**Work instructions**
A word-for-word copy of the following listing is needed. Leave out its images.
═════ Material provided
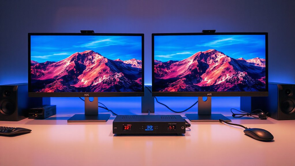 Choosing the right KVM switch for dual 4K 120Hz monitors requires making certain that it matches your devices’ connection types and specifications. First, check that the switch supports your cables, whether HDMI, DisplayPort, or USB-C, for smooth compatibility. Confirm your computers and monitors can handle 4K at 120Hz to match the switch’s capabilities. It’s also essential to verify that the switch provides enough USB ports and power options for all your peripherals. Additionally, make sure your devices’ operating systems—Windows, Mac, or Linux—are compatible with the KVM switch. Ultimately, match the switch’s input and output ports with your video and USB configurations to prevent connection issues. Paying attention to these details guarantees seamless switching without compatibility hiccups.
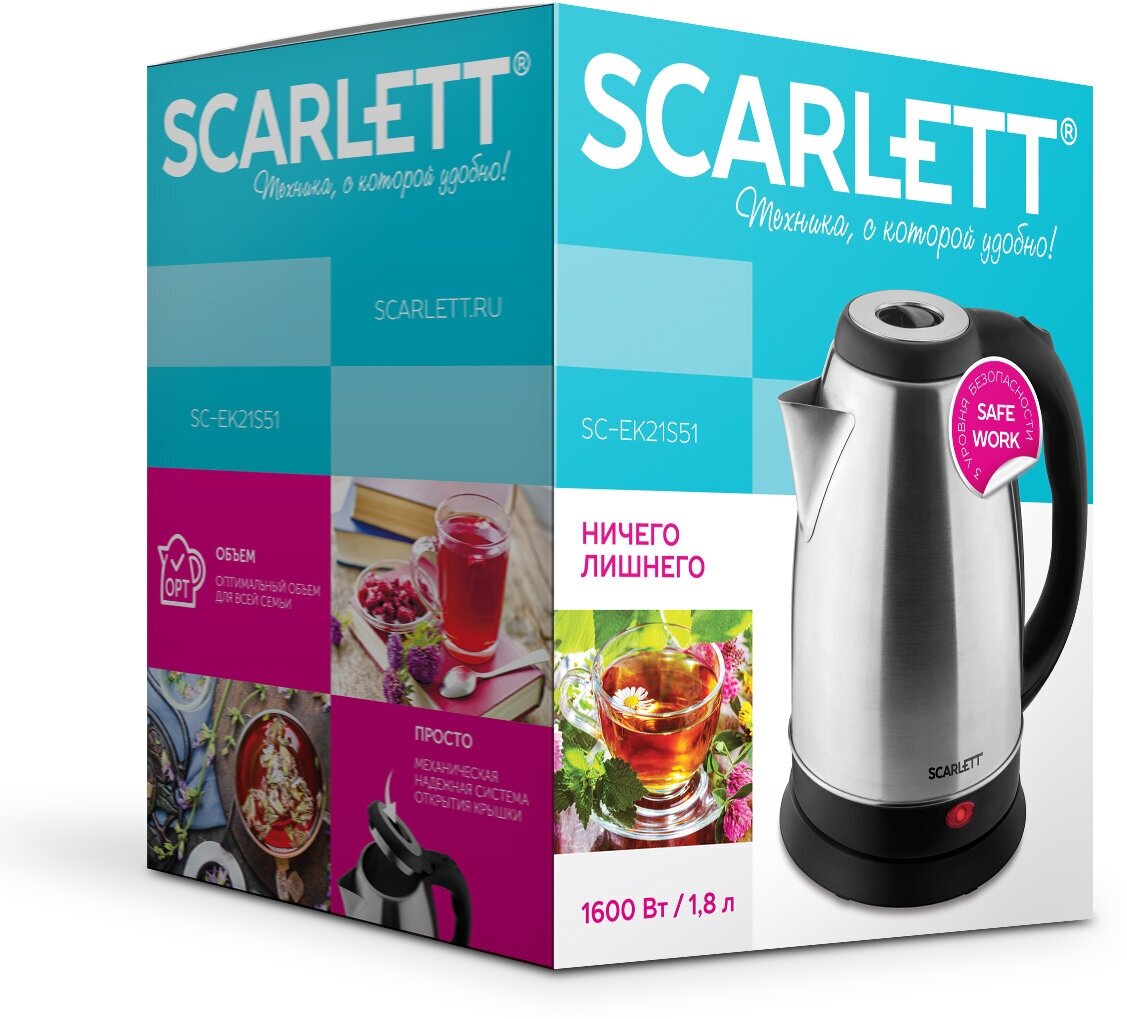 Чайник scarlett sc-ek21s51 1500вт 1,8л металл информация:
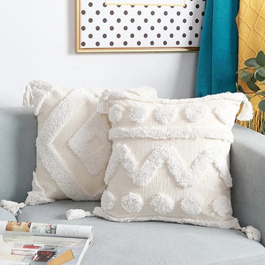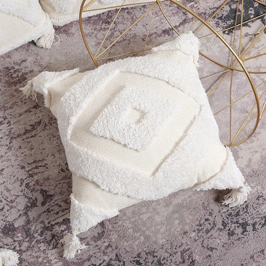 Funda de cojín capitoné con pompón estilo boho/bohemio - Esmé
══════════
**Response**
 Choosing the right KVM switch for dual 4K 120Hz monitors requires making certain that it matches your devices’ connection types and specifications. First, check that the switch supports your cables, whether HDMI, DisplayPort, or USB-C, for smooth compatibility. Confirm your computers and monitors can handle 4K at 120Hz to match the switch’s capabilities. It’s also essential to verify that the switch provides enough USB ports and power options for all your peripherals. Additionally, make sure your devices’ operating systems—Windows, Mac, or Linux—are compatible with the KVM switch. Ultimately, match the switch’s input and output ports with your video and USB configurations to prevent connection issues. Paying attention to these details guarantees seamless switching without compatibility hiccups.
 Чайник scarlett sc-ek21s51 1500вт 1,8л металл информация:
 Funda de cojín capitoné con pompón estilo boho/bohemio - Esmé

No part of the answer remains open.